Friday, June 9, 2017

SOME NEW THOMASSONS

Well, new to me anyway, and seen while out walking, though I suppose, by definition, a Thomasson is never brand new, since it’s always a relic or an abandoned and repurposed architectural feature that can subsequently be perceived, however ironically, as a piece of art.  That’s my own definition by the way: there may well be better ones out there.


Let’s start with a couple of empty pedestals or plinths – the one above is in the shadow of the Barbican Center in London, which is to say it’s also very close to the old city wall.  I’m intrigued by the dense black coating up at the top of the molding.  Is that industrial pollution?  Did the whole thing used to be that color?  It doesn’t look like anybody cleaned it – they’d surely have done a better job - so has the grime just fallen away?  These are not entirely rhetorical questions.  And presumably it once had a statue on top of it, I wonder of who or what.


The one above, less ornate, chunkier, cleaner, is to be found just outside the Inner Ring in Vienna, a city where the most incredible bits of statuary are everywhere, but this pedestal would be completely overwhelmed by any of the “typical” Viennese statues you see.  And looking at that rather smooth top, I tend to think it maybe never had anything on it at all, and it’s probably just waiting for some artist to use it and give it life.


An artist like Eduardo Paolozzi perhaps, dead now, so not him specifically, though he’d definitely have done a good job.
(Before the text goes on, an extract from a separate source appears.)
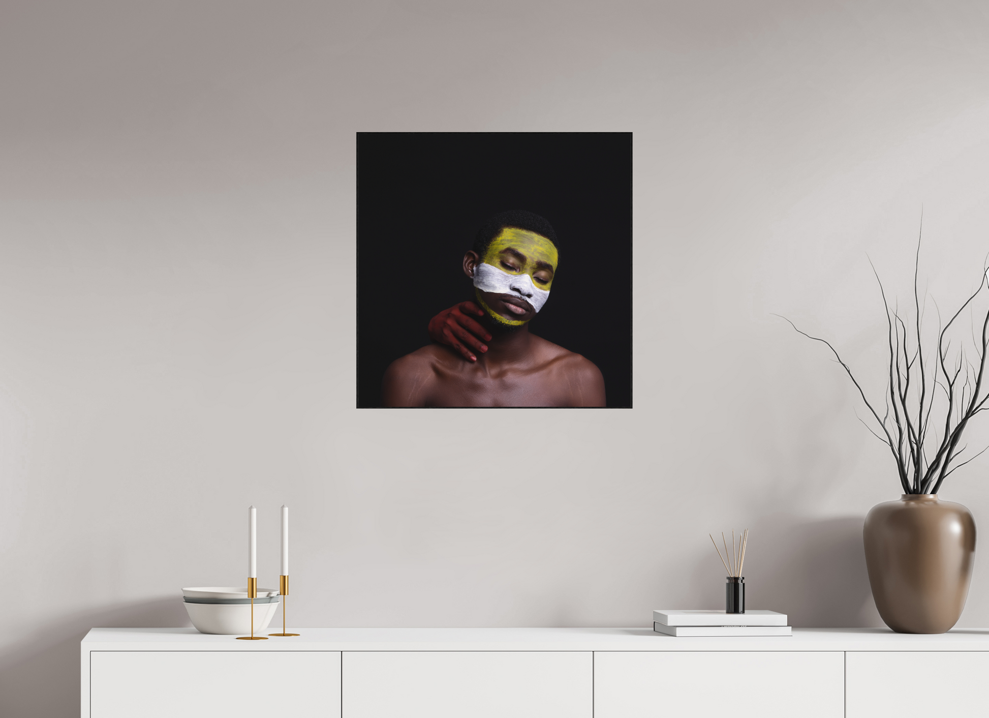 Blood is Life questions the human cost of freedom and the sacrifices carried across generations. A male figure, marked with white and yellow paint, is held by a hand painted in red — a striking symbol of blood, struggle, and sacrifice. The image reflects on the universal truth that freedom often comes at a price, and asks: Can humanity move beyond cycles of violence toward peace?

But I was thinking of him because not so long ago I went to an exhibition of his work at the Whitechapel Gallery in London and I looked out of one of the windows adjacent to the staircase and saw this:


I guess if you saw it elsewhere you might think of it as just another bricked up window, but the combination of Paolozzi, the Thomason mindset, and the presence of art at the Whitechapel makes you, or at any rate me, see things a bit differently.
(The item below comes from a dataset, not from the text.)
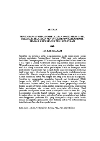 Penelitian ini bertujuan untuk mengembangkan media pembelajaran komik berbasis pendekatan Problem-Based Learning (PBL) pada mata pelajaran Pendidikan Kewarganegaraan (PKn) untuk meningkatkan hasil belajar siswa kelas V SD Negeri 3 Gedong Air.Masalah utama yang dihadapi dalam pembelajaran PKn adalah penggunaan metode konvensional yang menyebabkan siswa kurang aktif dan kurang termotivasi dalam pembelajaran.Selain itu, kurangnya media pembelajaran yang menarik juga menjadi faktor yang mempengaruhi rendahnya hasil belajar siswa. Oleh karena itu, pengembangan media pembelajaran komik berbasis PBL diharapkan dapat meningkatkan keterlibatan siswa serta membantu mereka memahami materi PKn dengan cara yang lebih menarik dan aplikatif. Penelitian ini menggunakan pendekatan Research and Development (R&D) dengan model ADDIE, yang terdiri dari lima tahapan: Analysis, Design, Development, Implementation, dan Evaluation. Proses pengembangan dimulai dengan analisis kebutuhan, desain produk, pengembangan materi, implementasi dalam pembelajaran, dan evaluasi untuk mengetahui efektivitasnya. Hasil penelitian menunjukkan bahwa media pembelajaran komik berbasis PBL yang dikembangkan memiliki tingkat validitas yang sangat baik, praktis untuk digunakan oleh guru dan siswa, serta efektif dalam meningkatkan hasil belajar siswa.Penggunaan pendekatan PBL yang diintegrasikan dengan media komik berhasil meningkatkan pemahaman siswa terhadap materi PKn serta mendorong keterlibatan aktif mereka dalam pembelajaran. Kata Kunci: Media Pembelajaran, Komik, PBL, PKn, Hasil Belajar This study aims to develop comic-based learning media using the Problem-Based Learning (PBL) approach in the subject of Civic Education (PKn) to improve the learning outcomes of fifth-grade students at SD Negeri 3 Gedong Air. The main issue encountered in Civic Education learning is the use of conventional methods, which result in students being less active and less motivated during the learning process. Moreover, the lack of engaging learning media also contributes to the low academic performance of students. Therefore, the development of comicbased learning media integrated with PBL is expected to enhance student engagement and help them understand Civic Education material in a more appealing and applicable manner. This research employs a Research and Development (R&D) approach using the ADDIE model, which consists of five stages: Analysis, Design, Development, Implementation, and Evaluation. The development process begins with needs analysis, followed by product design, material development, classroom implementation, and evaluation to assess its effectiveness. The results indicate that the developed comic-based learning media using PBL possesses a very high level of validity, is practical for use by both teachers and students, and is effective in improving student learning outcomes. The integration of the PBL approach with comic media successfully enhances students’ understanding of Civic Education content and encourages their active participation in learning. Keywords: Learning Media, Comic, PBL, PKn, Learning Outcomes

Meanwhile in my own neighborhood in Hollywood I saw this:


Kind of looks like a niche, the kind of thing you might put a statue of the Virgin Mary in.  (As Dorothy Parker may or may not have said: “Upon my honor/ I saw a Madonna/
/Standing in a niche …” The rest is just abuse and you can look it up for yourself if you need to).  But a closer inspection of the niche reveals some electrical wires up at the top, and a broader view shows a shiny new electricity meter off to the left, so I’m guessing the niche was formerly the home of an old meter.



But I do think I'd put some kind of statuary in there if it were mine.
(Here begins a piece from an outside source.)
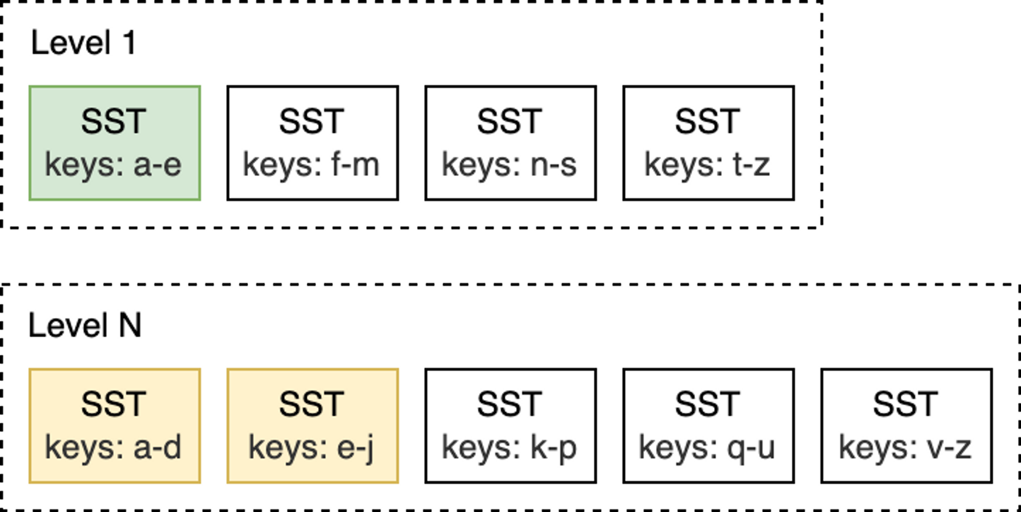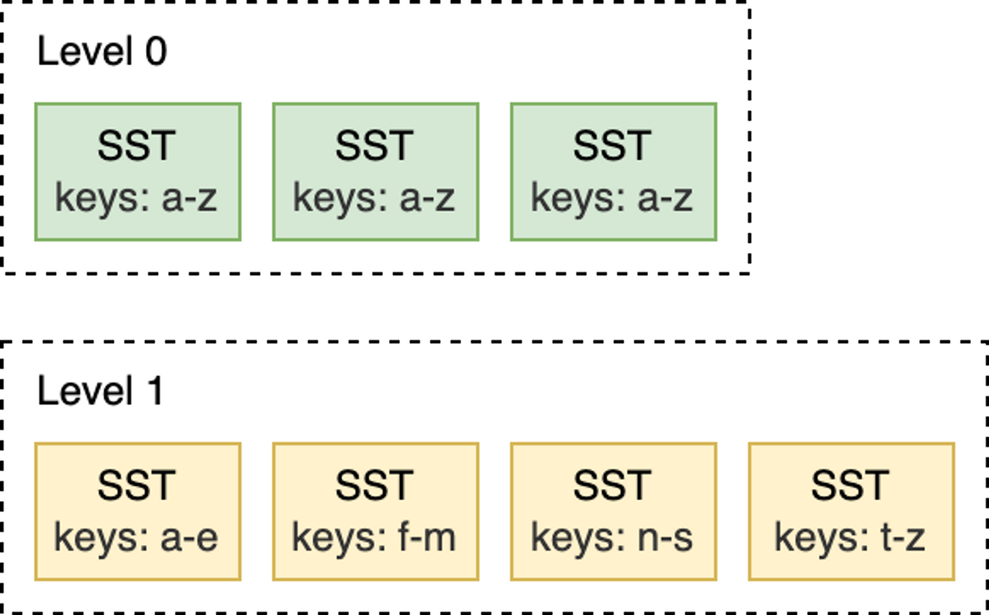 LSM-Tree 的最高层保存在内存中,包含最近写入的数据。其他较低层级的数据存储在磁盘上,层数编号从 0 到 N 。第 0 层 L0 存储从内存移动到磁盘上的数据,第 1 层及以下层级则存储更老的数据。通常某层的下个层级在数据量上会比该层大一个数量级,当某层数据量变得过大时,会合并到下一层。

And finally in my own own street, this thing;


Eyes without a face I suppose, although there is kind of a face, or am I just indulging in pareidolia?  In any case I can’t imagine what this was ever part of but I’m very glad it’s still there.


Sunday, June 4, 2017

BUSTER

Not for the first time, not for the last.  Mr Keaton showing how it's done.




Friday, June 2, 2017

THE TAO OF MEANDERING



Those of us who walk, and like to consider the meaning of walking, tend to believe that a walk is something special.  We like to think a walk can be a source of inspiration, a form of meditation, a sacrament, a journey of discovery both of the world and the self.  And of course it can be, and often is, all those things.


But sometimes it’s not.  Sometimes it’s just a walk. 


And of course it ought to be possible to walk without thinking, without writing about it after the event, without blogging about it, without taking photographs en route and downloading them when you get home. But you know, we’re all creatures of habit, and sometimes “just walking” is much harder than it sounds, perhaps much harder than it ought to be.


Sure, you don’t want to get into a rut, but when walking has becomes a means of looking, observing, recording, and also I suppose, metaphorically, a form of hunting and gathering, it becomes hard “just” to go for a walk.  Maybe that’s OK after all, and even if it’s not I’m not sure we can do much about it.  We are how we walk: we walk how we are.


Here are some things I saw and snapped on some recent walks within the borders of Hollywood.  They don’t add up to a source of inspiration, or a form of meditation, a sacrament, or a journey of discovery both of the world and the self.  But we’re just going to have to live with that.